Authoritarian states can be very stable until they either suddenly collapse from within due to general decay or are taken over by external forces and get changed beyond recognition (Hitler’s Germany and the Roman Empire being examples of this).
Alan wrote: “And being your own Beria is actually not an advantage. For one thing there is no-one else to blame when things like Ferayd happen. ”
Well, actually, you can do what Clyntahn did and blame the other side. After all, if they hadn’t been evil heretics we wouldn’t have had any reason to go after them. And if they hadn’t resisted, there wouldn’t have been a fight. So, it’s obviously all their fault.
A good point Alan, and worth remembering as the series continues.

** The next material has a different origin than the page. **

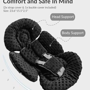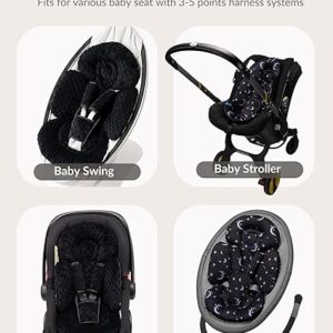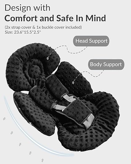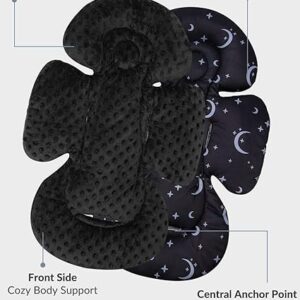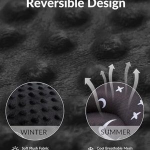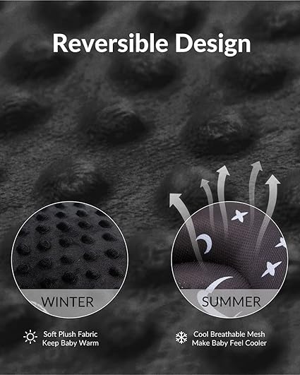 One side made of dot minky fabric featuring plush soft and other side made of mesh fabric featuring brathable and cool, making the infant insert suitable for all seasons.
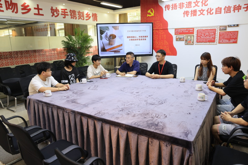 為推動學習貫徹習近平新時代中國特色社會主義思想主題教育走深走實,鑄牢中華民族共同體意識,推進新時代黨的民族工作高質量發展,全面了解學院少數民族學生的學習、生活情況,不斷提升少數民族學生教育管理服務水平,6月1日下午,藝術創意學院于敬業樓舉辦輔導員下午茶之“團結民族心,共筑中國夢”活動。副院長孫軍、輔導員肖克、朱益桐及全體21、22級少數民族學生代表參加本次活動,活動由肖克主持。

Point of correction, Rob – there were allegedly about half-a-dozen survivors of Masada, women and children who had hidden. Flavius Josephus claimed to have gotten parts of the story from them and most from the Legionaries, but there’s reason to suspect FJ’s honesty and there are no independent corroborations of the event that are robust enough to either support or challenge his claims. So take up your saltshaker and believe what you will about the details; only the dead truly know what happened at Masada.
Looks like we are seeing a trend with the inquisition and their integration into the military. In the first book there was just priests praying for victory. Then with the Feyrad (spelling?) massacre, we saw the inquisition egging the soldiers on to kill all of the Charisians. In the last book, the inquisitors were acting junior officers with trying to recapture the prince of Corisande and leading the rebellion in Sidemark.
I wonder what will happen if the CoGA, and it looks like its the logical next step, officially integrates it’s inquisitors into the chain of command (aka political officers). We saw in the Honor Harrington how much resentment, fear, and hate that brought to the Navy of the People’s Rebublic. The inquisition will make that look like child’s play.
The CoGA really has a good propaganda machine and have convinced the majority that the Charisians are devil worshipers. Just look at how the citizendry treated the pow’s as they were marched to the church’s capitol. We also know that the secular leaders know what is behind the churches mask. As the church integrates into the chain of command in the Army of God. There will be the common man that sees the church for it is.
The church’s foundation is ruined and I see the supports starting to go with it. I really am looking forward to this book, and now I can get the e-book drm free :)
What’s next for StateSec – er, I mean the Inquisition?
To quote Commander Shannon Foraker from “Ashes of Victory,” after single-handedly destroying two StateSec superdreadnought squadrons with a computer program:
“Oops…”
Bleek!
Sad how just that one word quote gets me cackling with glee XD Has to be one of my all time favourite moments in HH
methinks a certain tree cat has been in the celery patch again!